● **INSTRUCTIONS FOR THE TASK**: What you need to produce from the material below is an exact transcription of the lines from the one with "Frameless Shower Door" through the one with "Use the slope", both included, and no other line.

THE DATA Block Start

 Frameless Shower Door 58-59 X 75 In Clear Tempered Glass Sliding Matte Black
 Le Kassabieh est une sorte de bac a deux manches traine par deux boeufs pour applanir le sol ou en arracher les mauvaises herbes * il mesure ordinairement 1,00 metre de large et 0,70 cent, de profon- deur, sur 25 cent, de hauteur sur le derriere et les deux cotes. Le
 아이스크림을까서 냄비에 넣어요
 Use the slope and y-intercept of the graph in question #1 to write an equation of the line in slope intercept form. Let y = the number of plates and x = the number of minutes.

THE DATA Block End
THE DATA Block Start

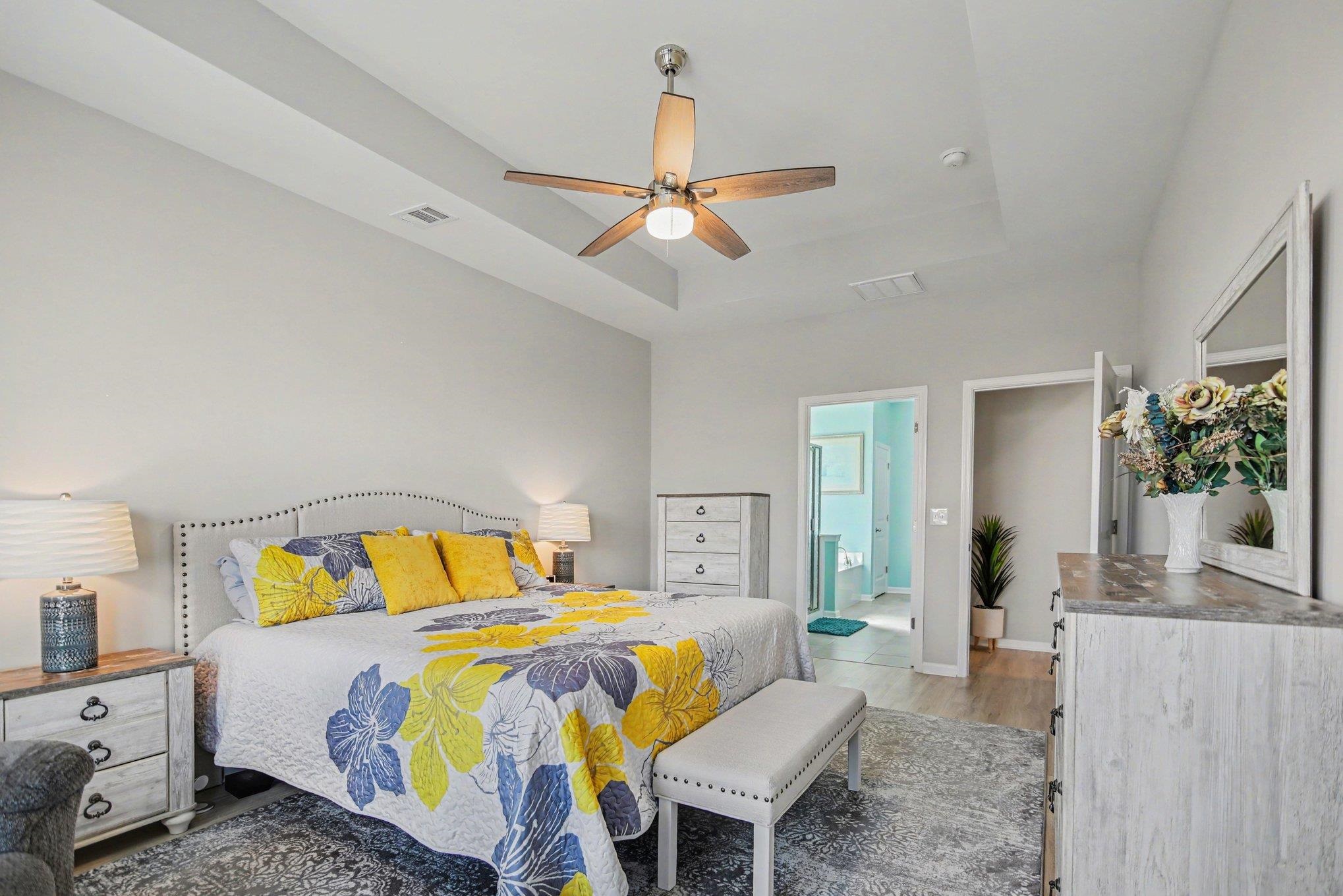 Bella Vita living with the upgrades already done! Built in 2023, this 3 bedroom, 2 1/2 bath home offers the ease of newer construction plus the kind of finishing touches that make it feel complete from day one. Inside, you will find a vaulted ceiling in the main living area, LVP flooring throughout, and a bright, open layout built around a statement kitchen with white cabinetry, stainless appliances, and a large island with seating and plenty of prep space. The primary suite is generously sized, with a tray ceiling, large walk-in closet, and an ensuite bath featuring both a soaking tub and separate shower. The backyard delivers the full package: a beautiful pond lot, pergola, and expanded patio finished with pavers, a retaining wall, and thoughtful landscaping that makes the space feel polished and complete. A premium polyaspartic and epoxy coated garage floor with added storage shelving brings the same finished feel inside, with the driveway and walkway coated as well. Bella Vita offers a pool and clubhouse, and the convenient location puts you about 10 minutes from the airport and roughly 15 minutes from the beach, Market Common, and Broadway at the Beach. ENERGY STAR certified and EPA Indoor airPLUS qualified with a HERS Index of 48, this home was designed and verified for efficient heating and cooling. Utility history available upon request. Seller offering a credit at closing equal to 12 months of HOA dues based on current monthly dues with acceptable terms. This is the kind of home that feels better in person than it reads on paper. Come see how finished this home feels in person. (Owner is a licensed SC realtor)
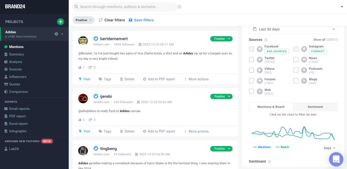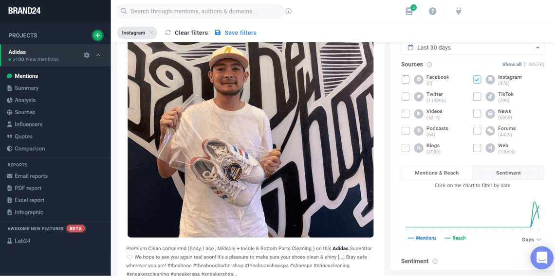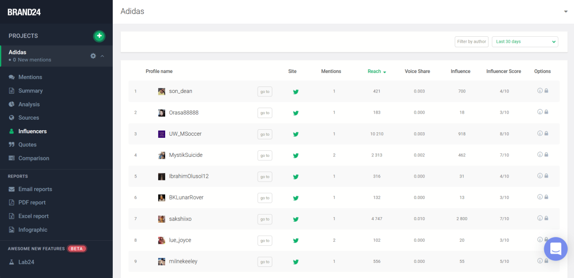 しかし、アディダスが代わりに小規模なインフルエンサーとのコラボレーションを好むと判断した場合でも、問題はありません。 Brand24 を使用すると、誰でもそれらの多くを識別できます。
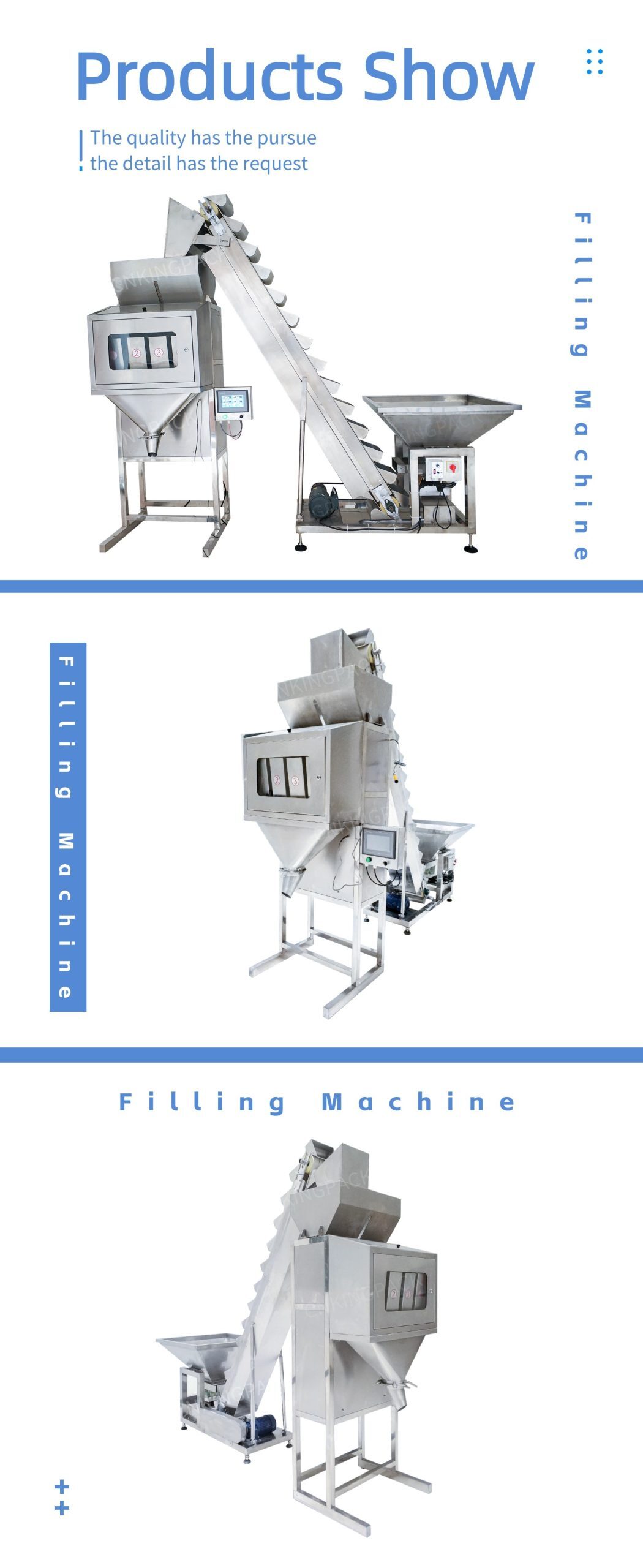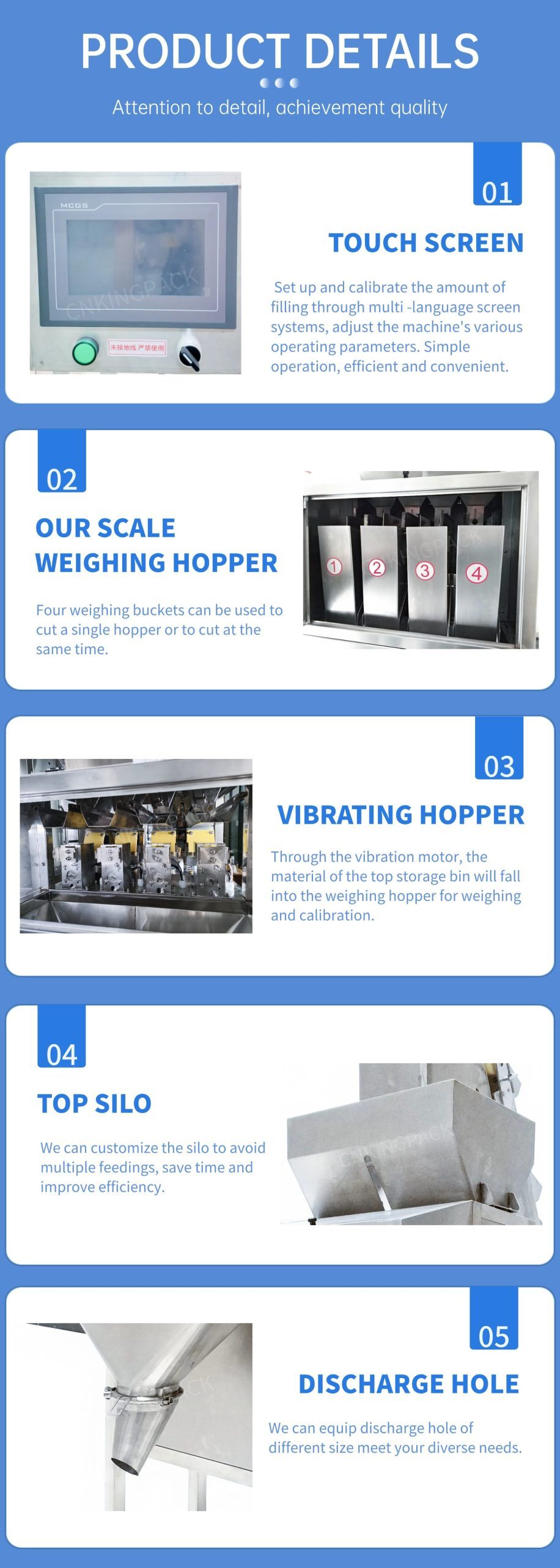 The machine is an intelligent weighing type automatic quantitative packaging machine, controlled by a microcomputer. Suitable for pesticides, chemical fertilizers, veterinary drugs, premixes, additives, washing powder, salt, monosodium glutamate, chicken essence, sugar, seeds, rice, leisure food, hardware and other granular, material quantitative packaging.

THE DATA Block End
THE DATA Block Start

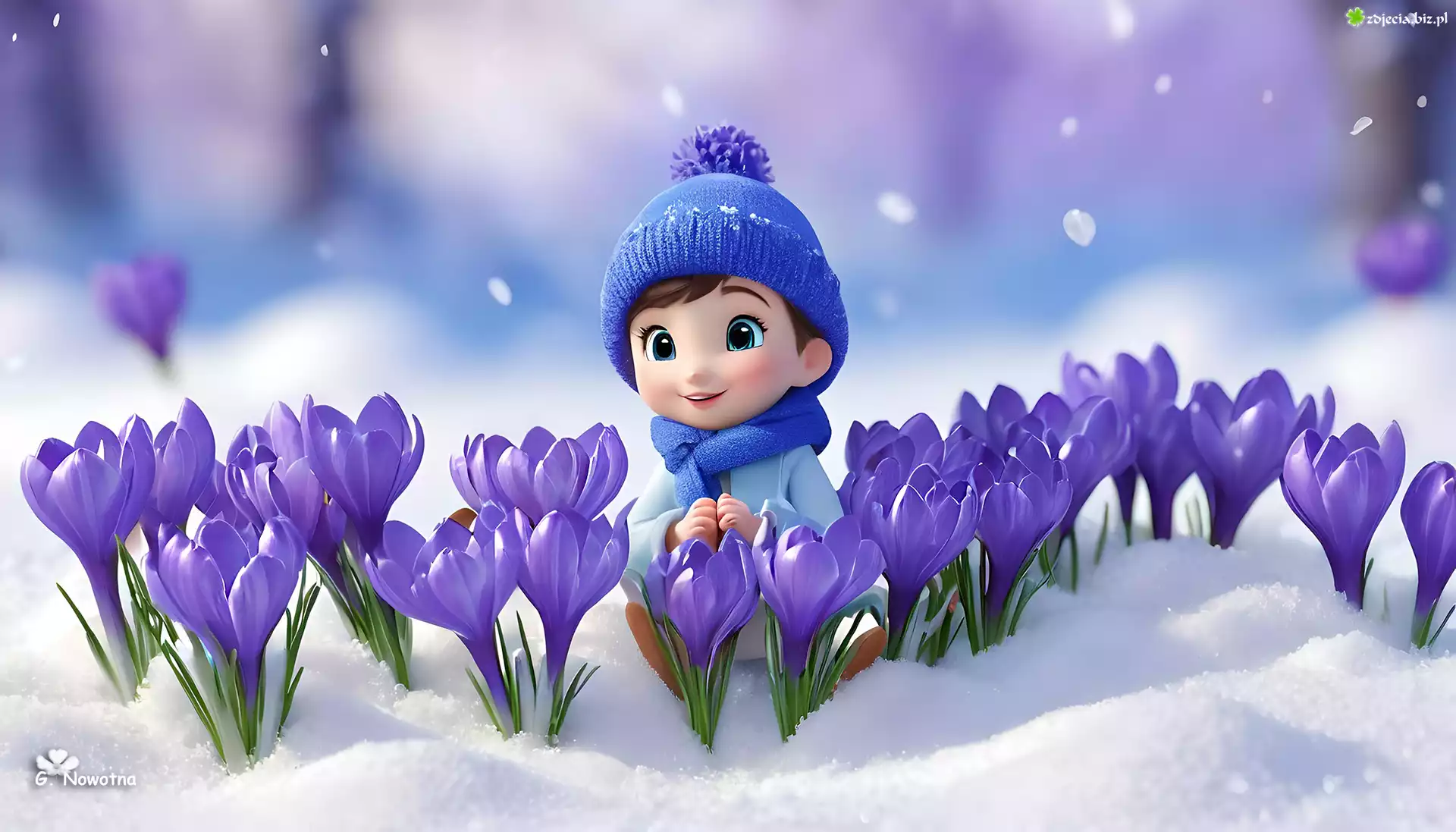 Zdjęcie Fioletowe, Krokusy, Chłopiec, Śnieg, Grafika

THE DATA Block End

● **EXERCISE OUTPUT**:
 Frameless Shower Door 58-59 X 75 In Clear Tempered Glass Sliding Matte Black
 Le Kassabieh est une sorte de bac a deux manches traine par deux boeufs pour applanir le sol ou en arracher les mauvaises herbes * il mesure ordinairement 1,00 metre de large et 0,70 cent, de profon- deur, sur 25 cent, de hauteur sur le derriere et les deux cotes. Le
 아이스크림을까서 냄비에 넣어요
 Use the slope and y-intercept of the graph in question #1 to write an equation of the line in slope intercept form. Let y = the number of plates and x = the number of minutes.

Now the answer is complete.